↓↓↓
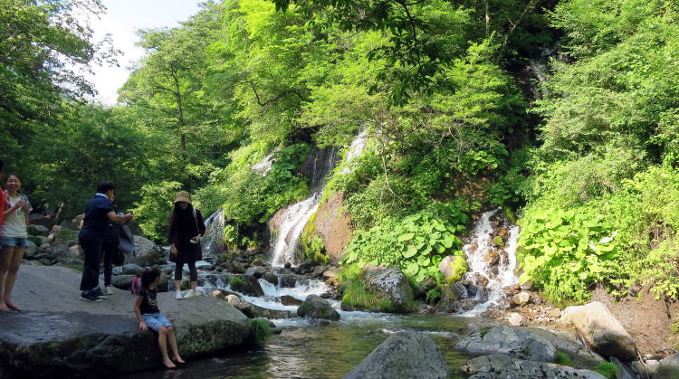 清里の駅の近くの滝ですが、有名どころみたいで混雑してます
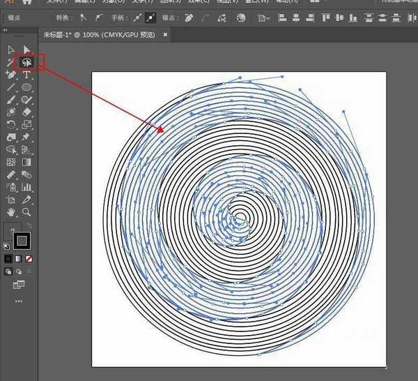 4、切换到旋转扭曲工具,将扭曲范围放大到正好盖住整个对象。单击左键,不放开,直到形成漩涡效果。
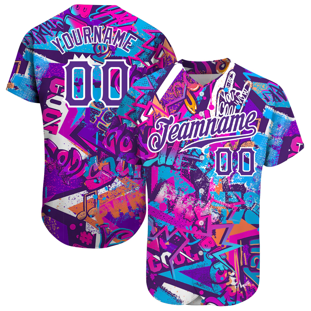 • Custom Graffiti Words Pattern White-Purple 3D Authentic Baseball Jersey
↑↑↑
Problem
The required response consists solely of the lines from the line containing "4、切换到旋转扭曲工具,将扭" through the end of the listing, both ends included, copied exactly without pictures.

Task solution
 4、切换到旋转扭曲工具,将扭曲范围放大到正好盖住整个对象。单击左键,不放开,直到形成漩涡效果。
 • Custom Graffiti Words Pattern White-Purple 3D Authentic Baseball Jersey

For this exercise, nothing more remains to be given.